Dispositif scénique unique, fait d’une salle commune couverte d’une voûte de bois en berceau, avec au fond une estrade et un rideau de scène bleu pâle, qui s’ouvrira  pour montrer la plage, d’où Grimes fera monter une gigantesque proue de bois, évoquant irrésistiblement le surgissement maléfique de celle du Hollandais volant de Wieland Wagner, en 1959, et surtout des ciels et des vagues, sereins ou tourmentés en de superbes tableaux signés Silke Bauer.

Luxe de détails dans un décor trop vaste

Mais aussi d’inutiles effets, comme le ballet de poissons à la Walt Disney (pour un Old Joe has gone fishing autrement incisif en fait), ou une éclipse solaire intempestive.

Crédit photo : Siener Kaufmann

On aura vite compris qu’on jouera ici le théâtre dans le théâtre, au point que la procession partie du Borrough en chasse de sa victime désignée s’installera sur ses sièges bien rangés pour assister à la scène de la cabane de Grimes, montée façon théâtre baroque, avec ses vagues en plaques de bois peintes renversables et ses personnages outrés. Des pistes se dessinent pourtant, sans être vraiment exploitées, comme la quasi-gémellité de Grimes et de Balstrode, corpulence et costumes, qui se partagent l’émotion d’Ellen et les peurs de l’apprenti, dont Grimes finira par adopter le costume de pureté blanc immaculé après l’avoir vêtu de son pull marin trop grand.

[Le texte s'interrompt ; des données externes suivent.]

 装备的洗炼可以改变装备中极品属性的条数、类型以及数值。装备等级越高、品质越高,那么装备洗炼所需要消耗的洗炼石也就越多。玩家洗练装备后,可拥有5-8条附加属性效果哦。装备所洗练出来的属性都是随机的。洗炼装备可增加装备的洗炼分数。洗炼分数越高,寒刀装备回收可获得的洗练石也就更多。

Aurait-il été lui aussi un enfant maltraité ? Questionnements fugaces bienvenus, peu exploités, et lisibilité plutôt absente, c’est fort dommage, car à part cela, la population du Borrough est traitée avec un luxe de détails quasi virtuose, même si son inscription dans le décor trop vaste laisse souvent l’impression que le metteur en scène n’a pas non plus su qu’en faire globalement. La fête chez Auntie, dérisoire comme chez Wozzeck, n’est pas cette auto-excitation de la populace qui emporte le sentiment d’horreur avec elle, le finale où, telle Senta, Ellen tente de sauter dans le vide de la fosse – on la retiendra, heureusement – n’offre pas non plus ce sentiment de calme vertigineux d’indifférence qui suit la tempête des débordements populaires.

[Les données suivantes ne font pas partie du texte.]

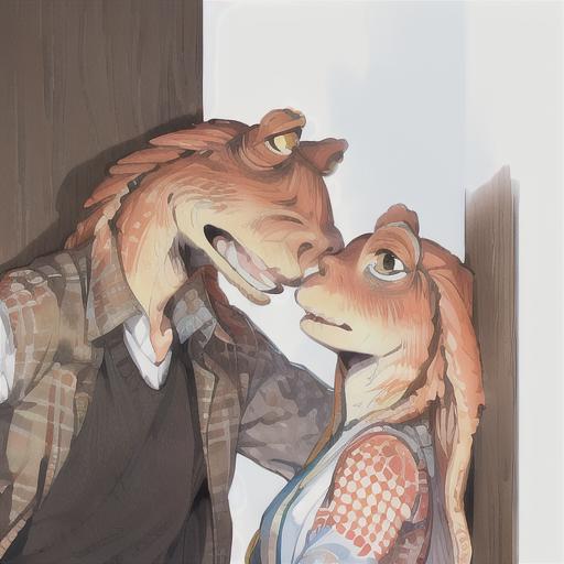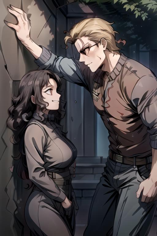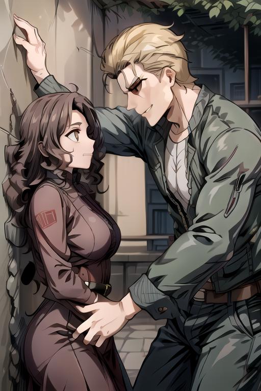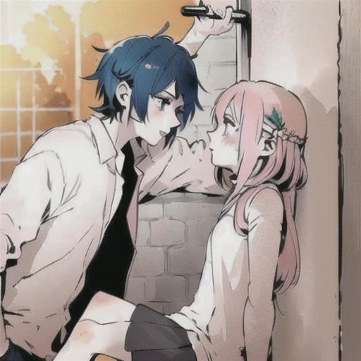 (kabedon, against wall:1.3),blush,couple,looking at another,hetero,height difference,eye contact

Un accueil triomphal justifié

Le drame porte pourtant car les interprètes sont chauffés à blanc. Il faut saluer les figures d’Auntie (Claudia Mahnke), de ses nièces impudiques (Lindsay Ohse et Emily Pogorelc), tout aussi irrésistibles que le Boles tressautant de Kevin Conners, le Swallow de Brindley Sherratt, digne mais si vite prêt à fauter… Jennifer Johnston est une Mrs. Sedley encore plus percutante que d’usage, tandis que le trio de Konstantin Krimmel (Keene), Daniel Noyola (Hobson), et Robert Murray (Rev. Adams) est d’anthologie.

Tous exceptionnels, tous défoncés, tous admirables de chant. Stuart Skelton serait un Grimes éperdu si la stabilité de l’aigu ne se trouvait prête à craquer dans les merveilleux piani de Now the great Bear, et surtout dans son grand monologue. Mais le personnage, odieux et humain, buté et fragile, reste saisissant dans son enfermement. S’il ne peut plus assumer un Wotan, un Gurnemanz, Iain Paterson est un Blastrode formidable d’intensité dramatique, mais c’est la somptuosité vocale de Rachel Willis-Sorensen, déjà saluée ici dans Les Vêpres siciliennes en 2018, qui emporte tous les suffrages, montrant que de Meyerbeer à Verdi, de Traviata à Ellen Orford, tout est chez elle perfection théâtrale et vocale.

Mais il faut encore plus saluer les incontestables triomphateurs de la soirée, les somptueux chœurs de la Staatsoper, renversants de présence sonore, et l’orchestre maison, tout aussi magnifique, dont Edward Gardner ose autant faire grincer et crier les pupitres en de dantesques interludes, et les porter en permanence à un dramatisme de l’action qui supplante ce que l’on voit sur scène. Comme à chaque fois qu’il dirige Britten, il prouve qu’il en est devenu un maître incontestable, justifiant un accueil triomphal.